Instructions for the task:
Please transcribe the data below in full, word for word, without the images.

Data in this exercise:
◆ ◆ ◆
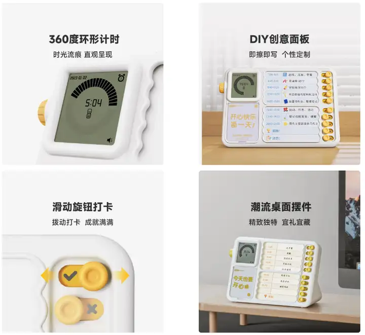 它也集时钟/正计时/倒计时/闹钟等功能为一体,桌面时钟,计时闹钟,辅助提醒,提高效率。
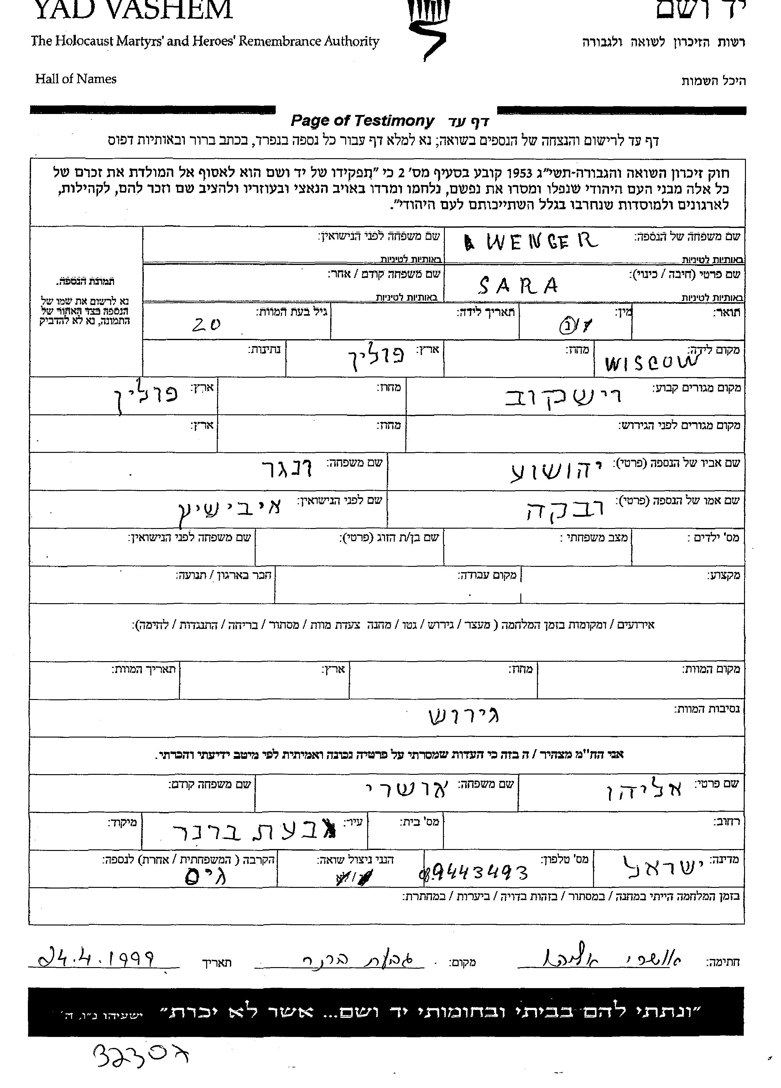 Wenger Sara Wyszkow, Poland Page of Testimony
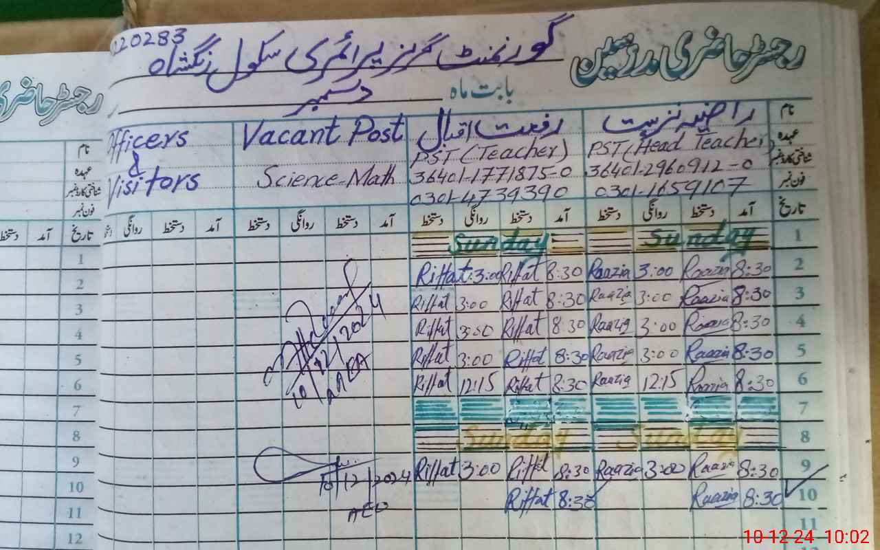 | Name: RA**** NU**** Designation: (School Headmaster's/Headmistress's) PST Phone/Cell Number: 03**** |
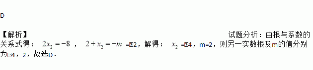 已知关于x的一元二次方程x2+mx﹣8=0的一个实数根为2,则另一实数根及m的值分别为( )
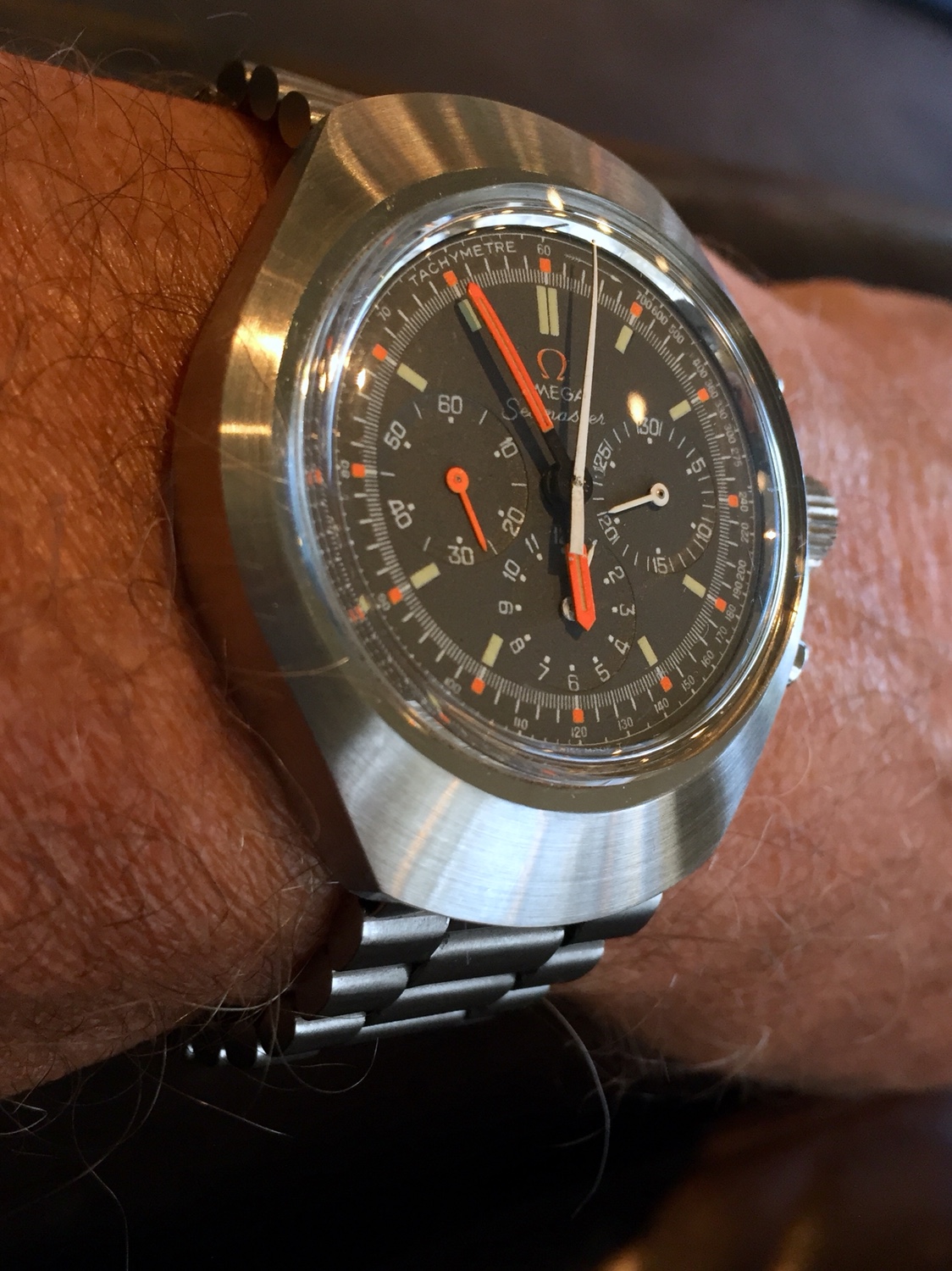 One pleasant surprise was the thickness of the piece - my Speedmaster MkII and MkIV, and Mk4.5 are all considerably thicker. This wears rather well.
◆ ◆ ◆
Solved problem:
 它也集时钟/正计时/倒计时/闹钟等功能为一体,桌面时钟,计时闹钟,辅助提醒,提高效率。
 Wenger Sara Wyszkow, Poland Page of Testimony
 | Name: RA**** NU**** Designation: (School Headmaster's/Headmistress's) PST Phone/Cell Number: 03**** |
 已知关于x的一元二次方程x2+mx﹣8=0的一个实数根为2,则另一实数根及m的值分别为( )
 One pleasant surprise was the thickness of the piece - my Speedmaster MkII and MkIV, and Mk4.5 are all considerably thicker. This wears rather well.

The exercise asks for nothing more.